There will definitely be a second part to this.
Title: All I Need
Author: foreverwriting9
Characters/Pairings: Jane/Lisbon, Cho, Rigsby, and Van Pelt
Spoilers: None
Rating: PG-13
Word Count:
Summary: This isn’t how it’s supposed to happen. She’s supposed to be there. To stop him, to save him, because that’s who they are.
-
The water is rising on a river turning red,
It all might be okay or we might be dead.
If everything we’ve got is slipping away,
I meant what I said when I said until my dying day.
I’m holding onto you holding onto me,
Maybe it’s all gone black but you’re all I see,
You’re all I see.
Mat Kearney, ‘All I Need’
They’re about to break through the door of Red John’s warehouse with an entire SWAT team at their backs when Lisbon’s stomach suddenly drops. She’s running on adrenaline and four hours of sleep, so she doesn’t think much of it, simply grits her teeth and then pushes the funny feeling away. That is, until the ache spreads into her chest and digs in right beneath her ribcage.
Cho stops what he’s doing. “You okay, Boss?” His voice is quiet and half-muffled by the sound of gravel under their feet, but Lisbon still hears him.
“Yeah,” she chokes out, ignoring his unconvinced look. “Yeah, I’m fine.”

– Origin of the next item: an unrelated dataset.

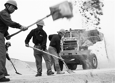 除贯穿南北的沙漠公路有完善的防沙工程外,许多大漠中的公路都属于伴引路、临建路等,一夜风沙,公路就可能被流沙掩埋。为确保沙漠公路畅通,保证油田生产正常运行,护路工常年奋战在沙漠公路沿线,与风沙和高温搏斗。 丁 伟摄

He opens his mouth to say something, but then the warehouse door splinters open and they are rushing forward into the shadowy darkness of an unused loading bay. After a few moments of adjusting to the gloom, the SWAT team moves to the point position, running ahead and searching for any sign of the man they now know to be Red John. They make it halfway through the warehouse before the heaviness of copper coats their tongues.
The ache in Lisbon’s chest expands at the taste, and she can’t breathe. She stops moving and presses a fist into her vest. This time, it’s Rigsby who shoots her a worried glance.
“Boss-”
She waves a hand dismissively at his unfinished question. “I’m fine.”
He gives her a small nod, but doesn’t move away from her side. “Everything’s going to be all right,” he murmurs, so low that Lisbon almost misses the words. She shifts from foot to foot uncomfortably, trying to look normal, trying to calm her stuttering heart.
Then the sound of a gunshot rips through the eerie stillness of the warehouse.
Lisbon’s gaze snaps to a nearby window and out toward the car where they left Jane to wait.
His seat is empty.
“Dammit, Jane,” she swears, and her stomach twists again. He couldn’t have possibly-
Lisbon cuts off that train of thought and tightens her grip on her gun. She told him to stay in the car. But when has that ever meant anything to him? Next to her, the radio on Rigsby’s hip crackles to life. The words male civilian burst through the static, and then Lisbon is gone, running between crates and officers, her pulse pounding away in her ears.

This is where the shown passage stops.